Exosmotic half-time (T _1/2, black bars) of water exchange obtained from whole-root systems of two grapevine rootstocks (110R and 101-14Mgt) grown under ‘dry’ and ‘wet’ conditions (see Fig. 1). Root osmotic hydraulic conductivity (Lp _os, white bars) calculated from root fresh weights and exosmotic T _1/2 events (see the Materials and methods and Fig. 1 for further details). Values are the mean ±standard error (n≥6). Means followed by different letters are significantly different at P<0.05.

Fig. 7.

Steady-state root pressure (P _rs) of whole-root systems of two grapevine rootstocks (110R and 101-14Mgt) grown under ‘dry’ and ‘wet’ conditions. Data shown are the composite of the two root pressure experiments.
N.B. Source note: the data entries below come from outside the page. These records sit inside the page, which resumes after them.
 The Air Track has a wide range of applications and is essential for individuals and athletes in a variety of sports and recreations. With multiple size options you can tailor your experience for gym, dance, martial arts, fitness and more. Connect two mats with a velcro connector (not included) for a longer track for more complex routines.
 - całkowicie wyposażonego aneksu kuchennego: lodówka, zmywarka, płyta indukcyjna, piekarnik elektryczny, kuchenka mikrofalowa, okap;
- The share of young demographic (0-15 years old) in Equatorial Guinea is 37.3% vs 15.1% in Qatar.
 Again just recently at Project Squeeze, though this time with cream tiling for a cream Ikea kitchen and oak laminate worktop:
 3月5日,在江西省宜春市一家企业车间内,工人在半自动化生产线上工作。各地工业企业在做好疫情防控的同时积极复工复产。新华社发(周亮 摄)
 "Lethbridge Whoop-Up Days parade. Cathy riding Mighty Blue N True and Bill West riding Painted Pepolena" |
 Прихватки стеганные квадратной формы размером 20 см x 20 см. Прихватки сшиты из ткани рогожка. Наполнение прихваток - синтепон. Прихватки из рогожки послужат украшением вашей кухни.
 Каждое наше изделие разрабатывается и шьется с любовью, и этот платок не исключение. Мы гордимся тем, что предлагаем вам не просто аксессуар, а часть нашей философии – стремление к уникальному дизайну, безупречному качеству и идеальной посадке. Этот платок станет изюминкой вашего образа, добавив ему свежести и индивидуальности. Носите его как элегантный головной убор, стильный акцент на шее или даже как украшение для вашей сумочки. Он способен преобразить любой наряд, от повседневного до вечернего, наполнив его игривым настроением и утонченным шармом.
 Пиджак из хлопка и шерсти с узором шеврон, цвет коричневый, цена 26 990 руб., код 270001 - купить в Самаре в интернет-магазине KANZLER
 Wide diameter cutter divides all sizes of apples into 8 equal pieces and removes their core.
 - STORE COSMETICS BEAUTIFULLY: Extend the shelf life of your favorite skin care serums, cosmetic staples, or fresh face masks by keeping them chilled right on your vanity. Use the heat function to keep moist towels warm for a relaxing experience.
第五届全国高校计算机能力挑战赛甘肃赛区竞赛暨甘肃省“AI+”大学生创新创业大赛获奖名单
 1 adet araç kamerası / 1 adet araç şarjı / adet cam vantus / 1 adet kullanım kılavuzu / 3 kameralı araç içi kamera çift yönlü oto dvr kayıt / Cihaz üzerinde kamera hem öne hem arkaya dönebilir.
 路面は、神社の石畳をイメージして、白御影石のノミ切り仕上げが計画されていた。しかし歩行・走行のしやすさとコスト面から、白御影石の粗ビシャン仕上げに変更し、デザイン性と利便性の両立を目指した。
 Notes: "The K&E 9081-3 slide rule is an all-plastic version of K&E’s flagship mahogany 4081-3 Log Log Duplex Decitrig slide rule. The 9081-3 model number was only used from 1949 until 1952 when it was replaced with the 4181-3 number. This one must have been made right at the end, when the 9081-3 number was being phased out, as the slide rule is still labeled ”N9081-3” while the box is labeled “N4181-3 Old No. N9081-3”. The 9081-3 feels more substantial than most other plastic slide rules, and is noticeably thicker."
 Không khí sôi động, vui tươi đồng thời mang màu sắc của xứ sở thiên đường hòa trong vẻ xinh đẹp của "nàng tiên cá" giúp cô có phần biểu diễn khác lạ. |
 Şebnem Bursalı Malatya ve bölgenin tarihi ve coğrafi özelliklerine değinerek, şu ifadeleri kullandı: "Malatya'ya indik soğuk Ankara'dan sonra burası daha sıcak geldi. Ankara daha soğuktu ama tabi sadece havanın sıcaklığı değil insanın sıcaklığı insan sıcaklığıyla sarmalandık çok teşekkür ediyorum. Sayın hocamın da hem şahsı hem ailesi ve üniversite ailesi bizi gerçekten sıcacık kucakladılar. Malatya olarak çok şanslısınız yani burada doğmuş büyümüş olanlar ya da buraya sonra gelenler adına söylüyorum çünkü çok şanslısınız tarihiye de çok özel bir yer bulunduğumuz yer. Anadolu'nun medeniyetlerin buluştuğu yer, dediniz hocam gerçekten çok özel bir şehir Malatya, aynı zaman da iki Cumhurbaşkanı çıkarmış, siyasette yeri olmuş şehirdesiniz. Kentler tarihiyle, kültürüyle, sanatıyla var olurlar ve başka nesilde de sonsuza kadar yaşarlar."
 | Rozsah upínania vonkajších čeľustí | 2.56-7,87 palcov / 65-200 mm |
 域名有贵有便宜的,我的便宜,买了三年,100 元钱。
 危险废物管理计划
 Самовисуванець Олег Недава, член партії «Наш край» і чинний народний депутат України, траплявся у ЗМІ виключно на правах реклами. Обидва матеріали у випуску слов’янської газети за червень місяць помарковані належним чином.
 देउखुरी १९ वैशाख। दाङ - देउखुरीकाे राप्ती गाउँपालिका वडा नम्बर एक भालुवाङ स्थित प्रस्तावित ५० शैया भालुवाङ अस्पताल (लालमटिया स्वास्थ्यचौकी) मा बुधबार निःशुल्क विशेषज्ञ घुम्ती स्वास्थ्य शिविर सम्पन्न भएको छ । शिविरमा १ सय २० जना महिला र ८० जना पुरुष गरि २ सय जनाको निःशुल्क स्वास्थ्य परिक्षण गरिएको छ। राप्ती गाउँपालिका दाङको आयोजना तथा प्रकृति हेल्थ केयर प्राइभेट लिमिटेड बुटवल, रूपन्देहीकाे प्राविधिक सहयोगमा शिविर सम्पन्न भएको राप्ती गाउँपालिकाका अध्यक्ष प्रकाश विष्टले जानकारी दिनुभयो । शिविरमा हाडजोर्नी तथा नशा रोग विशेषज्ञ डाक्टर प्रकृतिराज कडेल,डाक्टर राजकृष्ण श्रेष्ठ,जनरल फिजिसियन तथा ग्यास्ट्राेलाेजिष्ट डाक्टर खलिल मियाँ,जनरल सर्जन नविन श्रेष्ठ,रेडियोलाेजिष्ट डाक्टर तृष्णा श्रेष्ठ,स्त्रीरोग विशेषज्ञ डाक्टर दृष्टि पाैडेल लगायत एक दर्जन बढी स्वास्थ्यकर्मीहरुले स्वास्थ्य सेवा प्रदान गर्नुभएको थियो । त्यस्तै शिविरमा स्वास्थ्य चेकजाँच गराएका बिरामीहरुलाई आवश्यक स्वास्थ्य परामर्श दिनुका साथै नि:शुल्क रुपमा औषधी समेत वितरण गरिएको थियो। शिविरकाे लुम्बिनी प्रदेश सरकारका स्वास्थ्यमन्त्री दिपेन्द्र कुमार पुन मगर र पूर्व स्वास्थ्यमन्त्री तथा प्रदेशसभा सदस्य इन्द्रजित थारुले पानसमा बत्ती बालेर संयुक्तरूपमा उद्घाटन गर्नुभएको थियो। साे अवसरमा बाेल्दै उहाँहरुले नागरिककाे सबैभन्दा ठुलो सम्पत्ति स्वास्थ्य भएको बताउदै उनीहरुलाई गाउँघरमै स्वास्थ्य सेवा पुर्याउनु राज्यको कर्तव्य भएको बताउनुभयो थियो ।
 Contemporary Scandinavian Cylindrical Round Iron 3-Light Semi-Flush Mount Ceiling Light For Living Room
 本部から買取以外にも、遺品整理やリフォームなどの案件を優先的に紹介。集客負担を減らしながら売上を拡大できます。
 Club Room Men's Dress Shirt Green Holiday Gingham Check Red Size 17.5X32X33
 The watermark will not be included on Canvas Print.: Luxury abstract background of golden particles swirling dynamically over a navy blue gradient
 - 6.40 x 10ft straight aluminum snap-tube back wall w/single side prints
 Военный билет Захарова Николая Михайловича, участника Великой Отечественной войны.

Values are the mean ±standard error (n=8). Means followed by different letters are significantly different at P<0.05.

Fig. 8.

Comparison of root physiological and anatomical responses for two grapevine rootstocks (110R and 101-14Mgt) grown under ‘dry’ and ‘wet’ conditions. The figure shows root traits associated with water uptake: sap osmotic potential (Sap ψ), root hydraulic conductivity (Lp), osmotic Lp (Lp _os), exosmotic Lp (Lp _os ^ex), and suberin barriers (continuous line, present; dashed line, absent or incomplete).